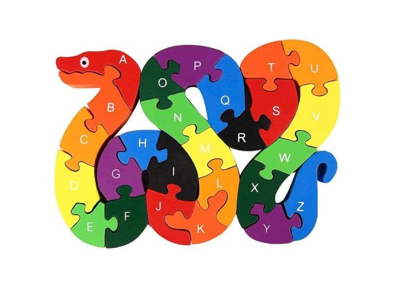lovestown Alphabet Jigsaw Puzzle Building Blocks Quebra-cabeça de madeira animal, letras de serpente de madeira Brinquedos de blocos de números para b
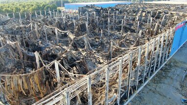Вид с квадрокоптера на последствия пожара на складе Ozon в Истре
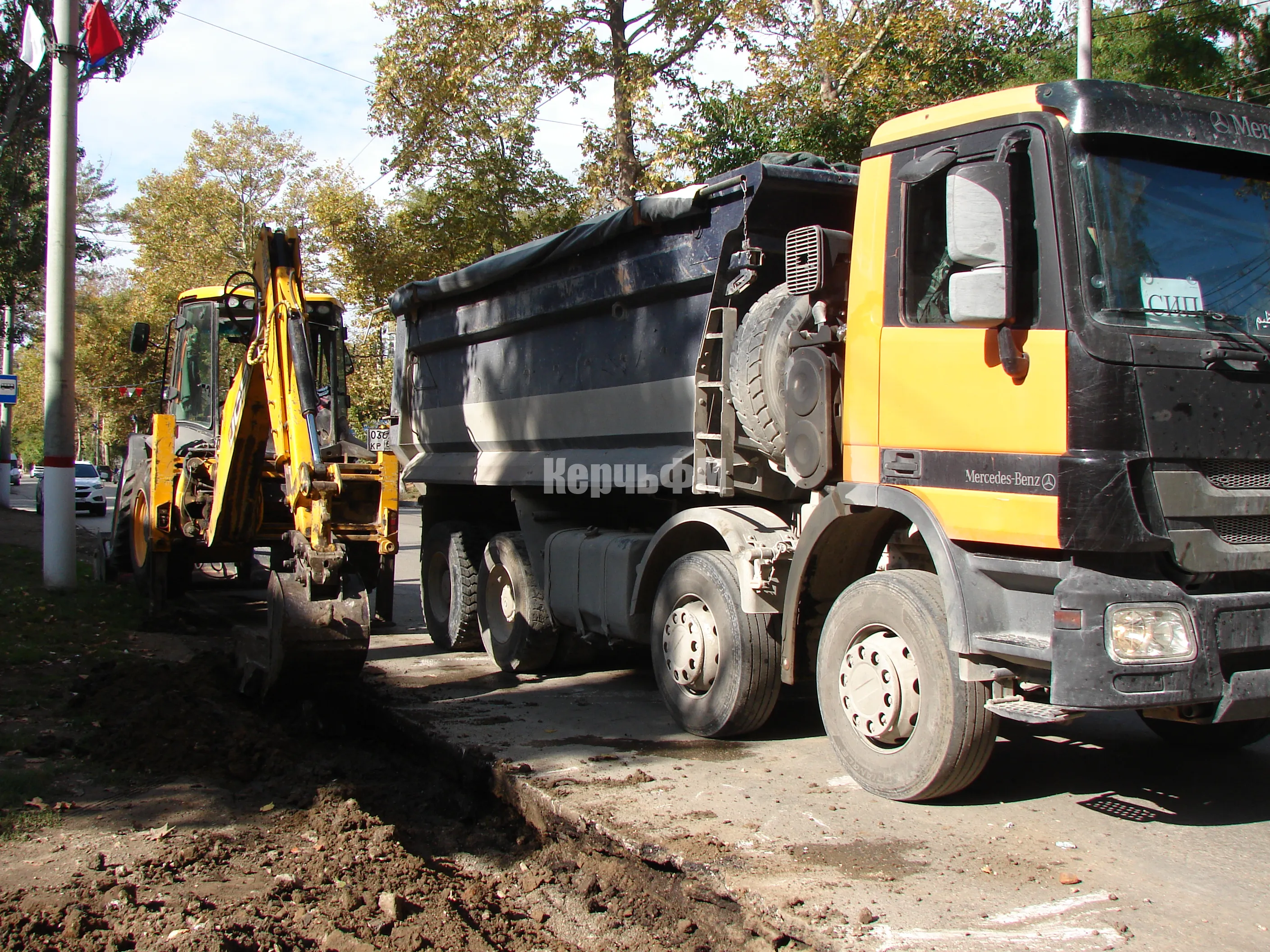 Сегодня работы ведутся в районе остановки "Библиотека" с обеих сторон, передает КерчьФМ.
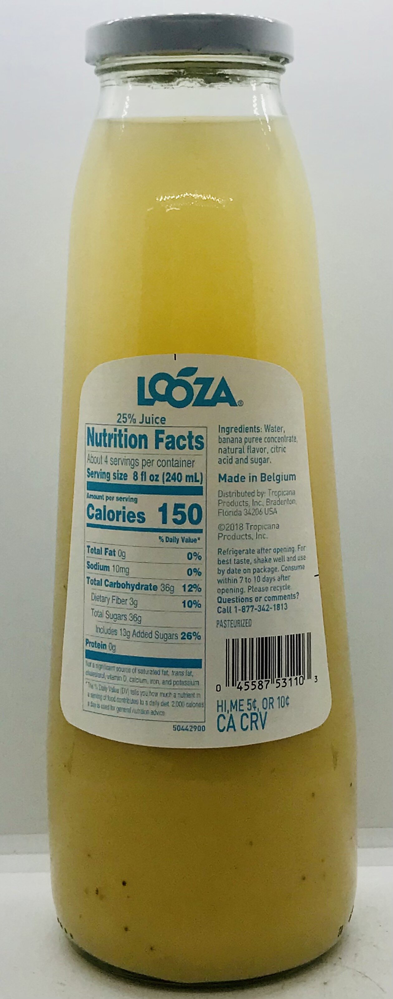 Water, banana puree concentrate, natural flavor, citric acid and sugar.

**Your objective:** Output the listing unchanged, pictures excluded.

**Answer box:**
lovestown Alphabet Jigsaw Puzzle Building Blocks Quebra-cabeça de madeira animal, letras de serpente de madeira Brinquedos de blocos de números para b
Вид с квадрокоптера на последствия пожара на складе Ozon в Истре
 Сегодня работы ведутся в районе остановки "Библиотека" с обеих сторон, передает КерчьФМ.
 Water, banana puree concentrate, natural flavor, citric acid and sugar.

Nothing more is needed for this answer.